Word for word, print out all of the data, omitting every image.

> _DATA BLOCK_
▽

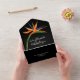 Elegant tropical bird of paradise flowers on a black background accent these tri-fold wedding invitations with your details in chic lettering in sections on the front and back and a detachable RSVP card for guests to complete and return. **REMEMBER to put a stamp on the RSVP card section. MATCHING items in our collection.
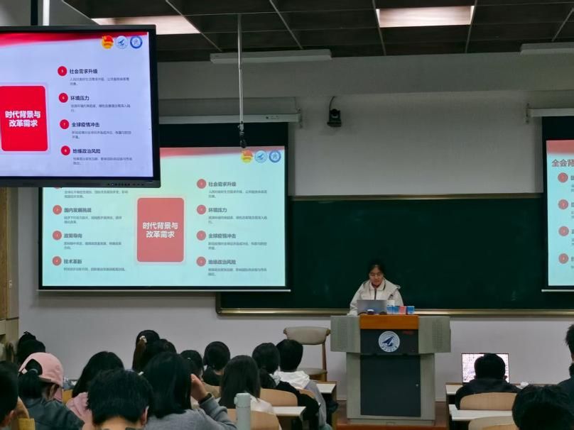 会议伊始,学生会办公室成员张宇娴带领大家学习了党的二十届三中全会精神。学生会成员重点学习了科技创新、绿色发展、教育公平等与大学生成长密切相关的内容,深刻认识到,中国式现代化不仅是国家的大战略,也是我们这代人施展才华的大舞台。大家纷纷表示,要把党的二十届三中全会精神转化为行动动力,在专业学习、科研竞赛、志愿服务中勇挑重担,让青春在强国建设、民族复兴的火热实践中绽放光彩。
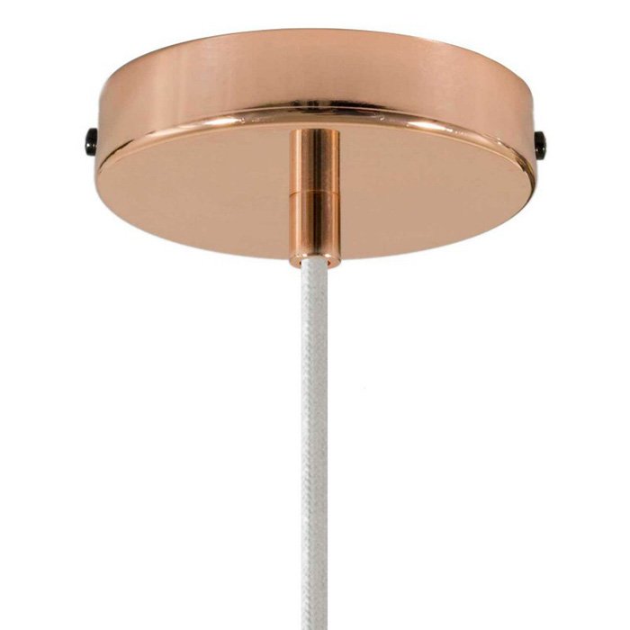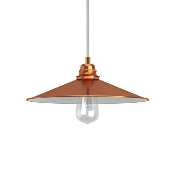 - miedź - RC01 | ⚫ podsufitka do lamp metalowa Ø120 mm z walcowatą blokadą kabla [KRM57FCRATERM], ⚫ kabel tekstylny biały RC01 - bawełniany | długość 120 cm: [XZ3RC01], ⚫ klosz metalowy emaliowany Swing Ø30cm: [PAM13VRL], ⚫ miedziana oprawka żarówki retro E27 - z kołnierzem i walcowatą blokadą kabla: [PL27MRATFTERM]

△

> _SOLUTION FOR THIS PROBLEM_
 Elegant tropical bird of paradise flowers on a black background accent these tri-fold wedding invitations with your details in chic lettering in sections on the front and back and a detachable RSVP card for guests to complete and return. **REMEMBER to put a stamp on the RSVP card section. MATCHING items in our collection.
 会议伊始,学生会办公室成员张宇娴带领大家学习了党的二十届三中全会精神。学生会成员重点学习了科技创新、绿色发展、教育公平等与大学生成长密切相关的内容,深刻认识到,中国式现代化不仅是国家的大战略,也是我们这代人施展才华的大舞台。大家纷纷表示,要把党的二十届三中全会精神转化为行动动力,在专业学习、科研竞赛、志愿服务中勇挑重担,让青春在强国建设、民族复兴的火热实践中绽放光彩。
 - miedź - RC01 | ⚫ podsufitka do lamp metalowa Ø120 mm z walcowatą blokadą kabla [KRM57FCRATERM], ⚫ kabel tekstylny biały RC01 - bawełniany | długość 120 cm: [XZ3RC01], ⚫ klosz metalowy emaliowany Swing Ø30cm: [PAM13VRL], ⚫ miedziana oprawka żarówki retro E27 - z kołnierzem i walcowatą blokadą kabla: [PL27MRATFTERM]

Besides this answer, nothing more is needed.